= WORK REQUIRED =
Please transcribe the data below exactly. Leave the pictures out.
*** DATA EXTRACT ***
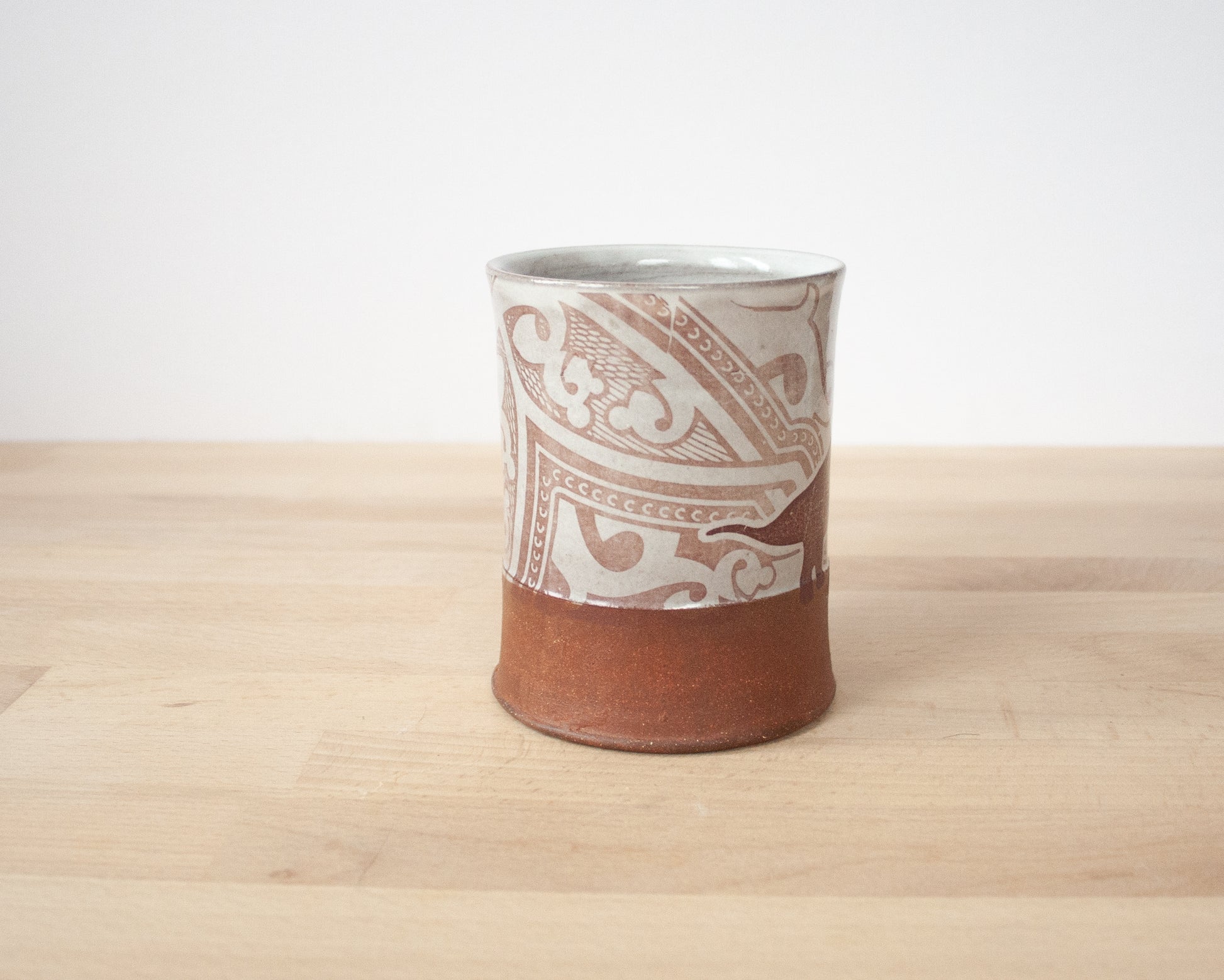 This handmade, wheel thrown mug has white glaze and a brachiosaurus and background pattern design that has been fired into the glaze. The bottom section is left unglazed, and the matte raw red clay complements the smooth glazed surface of the top and interior of the mug. It also has a brachiosaurus head on the bottom of the mug.
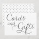 Vackra kort och presenttavla med svart Dainty-skrift och prickmönster. Detta platta kort är perfekt för bröllop och liknande evenemang. Finns i andra färger.
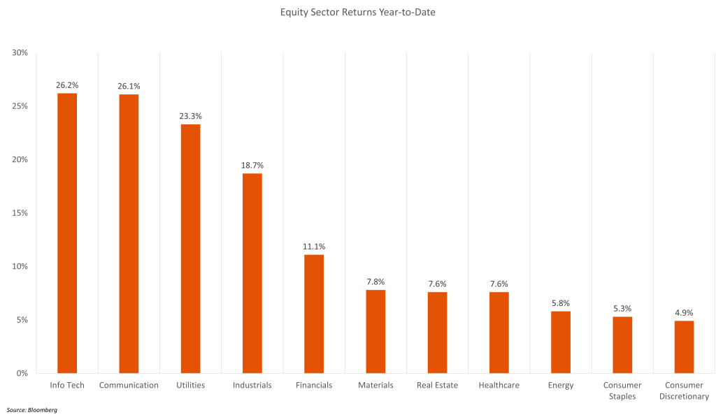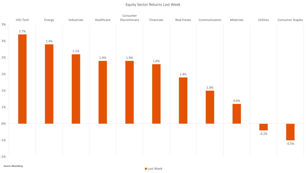 - Equities rose last week, reaching new all-time highs on hopes of a truce with China as well as healthy earnings results. As well, Treasury yields fell in advance of expectations for a rate cut at the FOMC this week, providing further support for equities.
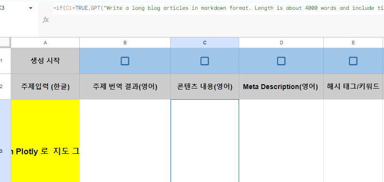 =if(C1=TRUE,GPT("Write a long blog articles in markdown format. Length is about 4000 words and include title and subtitles. Writing Style is Professional,Length is about 4000 words.The title of the blog is:",B3),"")
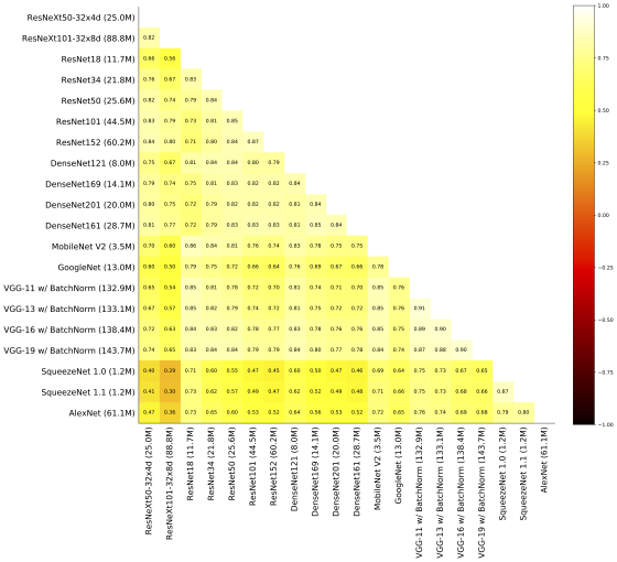 上图为在ImageNet数据集上PyTorch预训练模型与最大熵排名之间的Spearman相关性。大多数模型架构之间相关性很高。例如,MobileNet V2基于熵的排名与ResNet50模型高度相关,尽管该模型参数要少得多(3.5M vs 25.6M)。
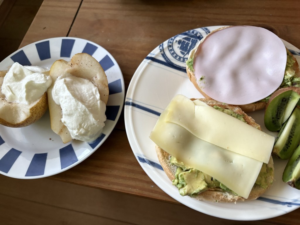 Ich drucke Dinge im Drogeriemarkt aus, hole ein paar Kleinigkeiten im Supermarkt und bevorrate mich im Haustierbedarf. Dann gibt es zuhause erstmal eine längere Pause auf dem Sofa, dazu Bagel mit Crowdfarming-Avocado und veganer Lyoner bzw. Gouda und eine gebackene Birne mit Joghurt und Zimt.
*** End of DATA EXTRACT ***
= YOUR SOLUTION =
 This handmade, wheel thrown mug has white glaze and a brachiosaurus and background pattern design that has been fired into the glaze. The bottom section is left unglazed, and the matte raw red clay complements the smooth glazed surface of the top and interior of the mug. It also has a brachiosaurus head on the bottom of the mug.
 Vackra kort och presenttavla med svart Dainty-skrift och prickmönster. Detta platta kort är perfekt för bröllop och liknande evenemang. Finns i andra färger.
 - Equities rose last week, reaching new all-time highs on hopes of a truce with China as well as healthy earnings results. As well, Treasury yields fell in advance of expectations for a rate cut at the FOMC this week, providing further support for equities.
 =if(C1=TRUE,GPT("Write a long blog articles in markdown format. Length is about 4000 words and include title and subtitles. Writing Style is Professional,Length is about 4000 words.The title of the blog is:",B3),"")
 上图为在ImageNet数据集上PyTorch预训练模型与最大熵排名之间的Spearman相关性。大多数模型架构之间相关性很高。例如,MobileNet V2基于熵的排名与ResNet50模型高度相关,尽管该模型参数要少得多(3.5M vs 25.6M)。
 Ich drucke Dinge im Drogeriemarkt aus, hole ein paar Kleinigkeiten im Supermarkt und bevorrate mich im Haustierbedarf. Dann gibt es zuhause erstmal eine längere Pause auf dem Sofa, dazu Bagel mit Crowdfarming-Avocado und veganer Lyoner bzw. Gouda und eine gebackene Birne mit Joghurt und Zimt.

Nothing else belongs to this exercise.